── Supplied data ──
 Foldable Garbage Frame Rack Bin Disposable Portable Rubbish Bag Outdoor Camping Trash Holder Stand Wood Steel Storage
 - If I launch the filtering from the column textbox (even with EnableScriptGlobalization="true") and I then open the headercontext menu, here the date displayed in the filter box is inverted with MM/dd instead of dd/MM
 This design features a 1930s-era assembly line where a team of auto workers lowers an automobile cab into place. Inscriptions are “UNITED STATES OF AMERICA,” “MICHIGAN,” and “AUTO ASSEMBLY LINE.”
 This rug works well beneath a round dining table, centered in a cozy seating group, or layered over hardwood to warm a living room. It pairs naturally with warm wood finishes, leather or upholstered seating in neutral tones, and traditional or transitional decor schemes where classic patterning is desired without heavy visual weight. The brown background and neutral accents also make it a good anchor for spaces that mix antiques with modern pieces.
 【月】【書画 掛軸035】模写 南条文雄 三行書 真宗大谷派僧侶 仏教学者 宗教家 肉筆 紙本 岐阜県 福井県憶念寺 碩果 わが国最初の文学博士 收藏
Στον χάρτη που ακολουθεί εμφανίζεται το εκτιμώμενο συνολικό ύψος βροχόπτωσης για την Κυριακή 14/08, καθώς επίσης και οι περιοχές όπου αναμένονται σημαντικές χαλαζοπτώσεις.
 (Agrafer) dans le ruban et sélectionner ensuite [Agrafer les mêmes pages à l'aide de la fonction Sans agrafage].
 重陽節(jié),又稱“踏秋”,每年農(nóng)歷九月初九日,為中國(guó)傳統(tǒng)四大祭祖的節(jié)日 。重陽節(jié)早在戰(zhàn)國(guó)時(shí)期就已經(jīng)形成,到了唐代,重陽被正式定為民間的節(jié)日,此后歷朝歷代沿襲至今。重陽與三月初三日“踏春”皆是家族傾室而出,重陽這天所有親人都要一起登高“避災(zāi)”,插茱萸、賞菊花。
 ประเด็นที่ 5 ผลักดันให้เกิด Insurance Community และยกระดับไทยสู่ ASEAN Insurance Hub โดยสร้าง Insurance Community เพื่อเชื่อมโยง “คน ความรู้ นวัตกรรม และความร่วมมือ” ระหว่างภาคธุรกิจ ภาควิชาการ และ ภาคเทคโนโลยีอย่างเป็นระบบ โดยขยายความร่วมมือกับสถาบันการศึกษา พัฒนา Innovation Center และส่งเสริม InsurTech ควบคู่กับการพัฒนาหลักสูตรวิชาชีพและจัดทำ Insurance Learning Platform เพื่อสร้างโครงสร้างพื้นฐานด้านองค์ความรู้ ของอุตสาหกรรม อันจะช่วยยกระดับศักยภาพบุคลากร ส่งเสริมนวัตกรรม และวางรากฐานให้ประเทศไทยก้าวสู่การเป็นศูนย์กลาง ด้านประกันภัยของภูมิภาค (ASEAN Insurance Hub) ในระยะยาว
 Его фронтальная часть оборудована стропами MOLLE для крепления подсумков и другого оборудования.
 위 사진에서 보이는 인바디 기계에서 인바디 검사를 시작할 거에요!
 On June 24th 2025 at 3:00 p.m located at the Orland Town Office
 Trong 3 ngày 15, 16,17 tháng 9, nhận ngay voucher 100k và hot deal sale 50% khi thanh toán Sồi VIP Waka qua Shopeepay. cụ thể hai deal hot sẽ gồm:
───
What is being asked. The required answer is the run of lines above, starting at the line with "This design features" and ending at the line with "Στον χάρτη που", reproduced exactly with both ends.

Exercise result.
 This design features a 1930s-era assembly line where a team of auto workers lowers an automobile cab into place. Inscriptions are “UNITED STATES OF AMERICA,” “MICHIGAN,” and “AUTO ASSEMBLY LINE.”
 This rug works well beneath a round dining table, centered in a cozy seating group, or layered over hardwood to warm a living room. It pairs naturally with warm wood finishes, leather or upholstered seating in neutral tones, and traditional or transitional decor schemes where classic patterning is desired without heavy visual weight. The brown background and neutral accents also make it a good anchor for spaces that mix antiques with modern pieces.
 【月】【書画 掛軸035】模写 南条文雄 三行書 真宗大谷派僧侶 仏教学者 宗教家 肉筆 紙本 岐阜県 福井県憶念寺 碩果 わが国最初の文学博士 收藏
Στον χάρτη που ακολουθεί εμφανίζεται το εκτιμώμενο συνολικό ύψος βροχόπτωσης για την Κυριακή 14/08, καθώς επίσης και οι περιοχές όπου αναμένονται σημαντικές χαλαζοπτώσεις.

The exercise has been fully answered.